_SOURCE RECORDS:_
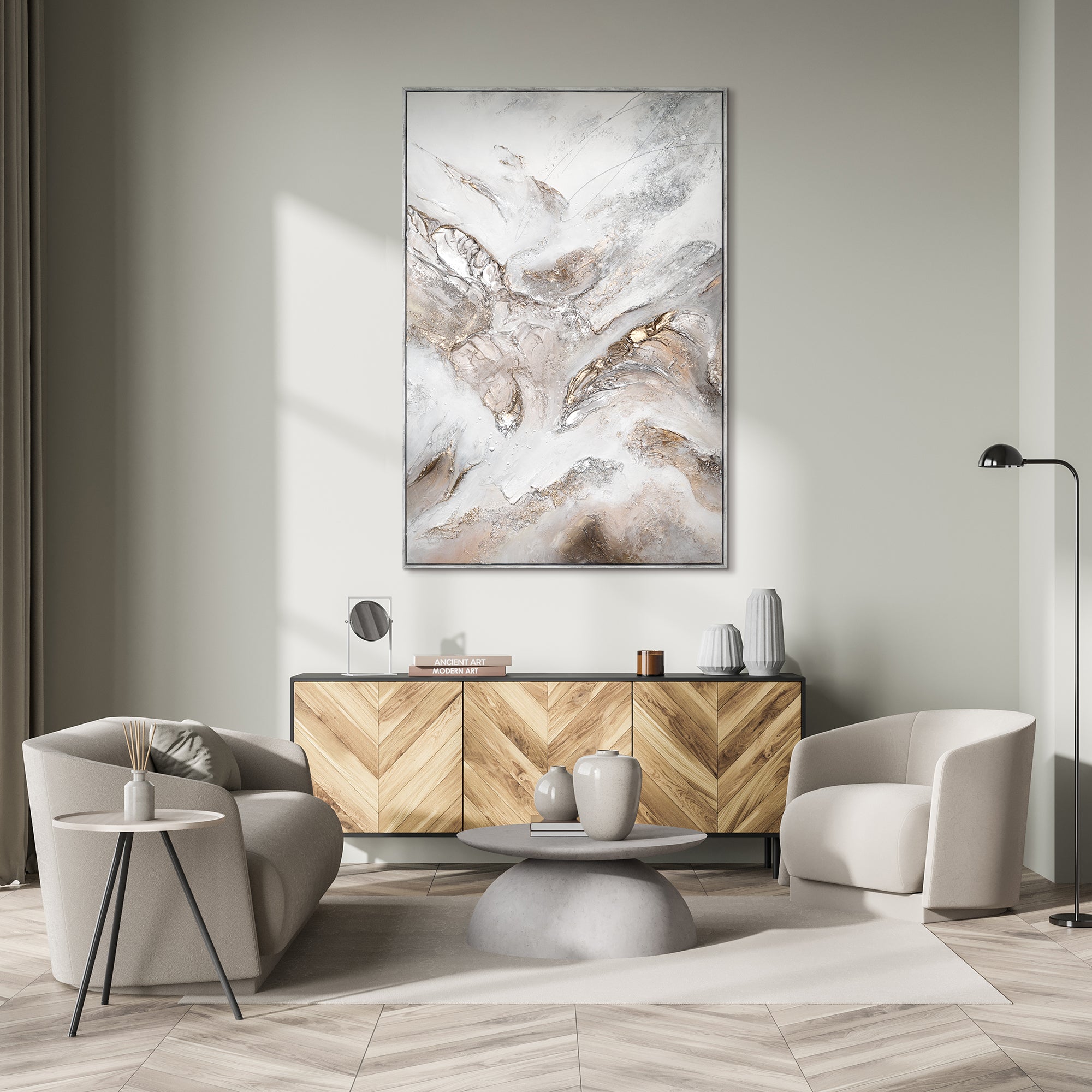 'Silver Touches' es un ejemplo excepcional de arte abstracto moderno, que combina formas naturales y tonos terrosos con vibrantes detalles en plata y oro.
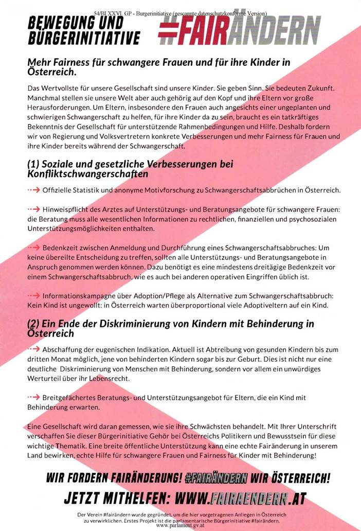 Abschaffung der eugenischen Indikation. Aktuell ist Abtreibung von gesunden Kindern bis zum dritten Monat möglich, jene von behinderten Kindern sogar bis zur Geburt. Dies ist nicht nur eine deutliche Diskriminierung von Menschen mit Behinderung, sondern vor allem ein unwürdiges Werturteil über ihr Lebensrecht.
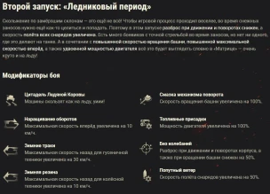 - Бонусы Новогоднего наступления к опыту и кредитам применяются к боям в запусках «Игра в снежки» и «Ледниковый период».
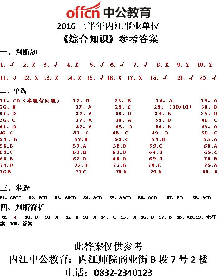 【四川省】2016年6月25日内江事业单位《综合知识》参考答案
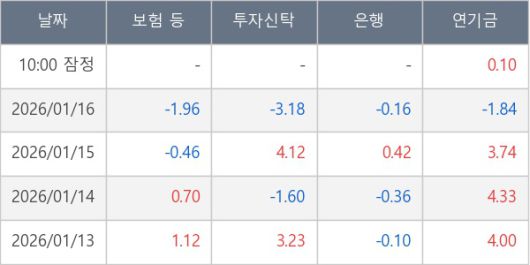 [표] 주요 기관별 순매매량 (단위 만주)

_WHAT THE TASK ASKS:_ Copy out all the records exactly as they read, and omit the pictures.

_YOUR SOLUTION:_
 'Silver Touches' es un ejemplo excepcional de arte abstracto moderno, que combina formas naturales y tonos terrosos con vibrantes detalles en plata y oro.
 Abschaffung der eugenischen Indikation. Aktuell ist Abtreibung von gesunden Kindern bis zum dritten Monat möglich, jene von behinderten Kindern sogar bis zur Geburt. Dies ist nicht nur eine deutliche Diskriminierung von Menschen mit Behinderung, sondern vor allem ein unwürdiges Werturteil über ihr Lebensrecht.
 - Бонусы Новогоднего наступления к опыту и кредитам применяются к боям в запусках «Игра в снежки» и «Ледниковый период».
 【四川省】2016年6月25日内江事业单位《综合知识》参考答案
 [표] 주요 기관별 순매매량 (단위 만주)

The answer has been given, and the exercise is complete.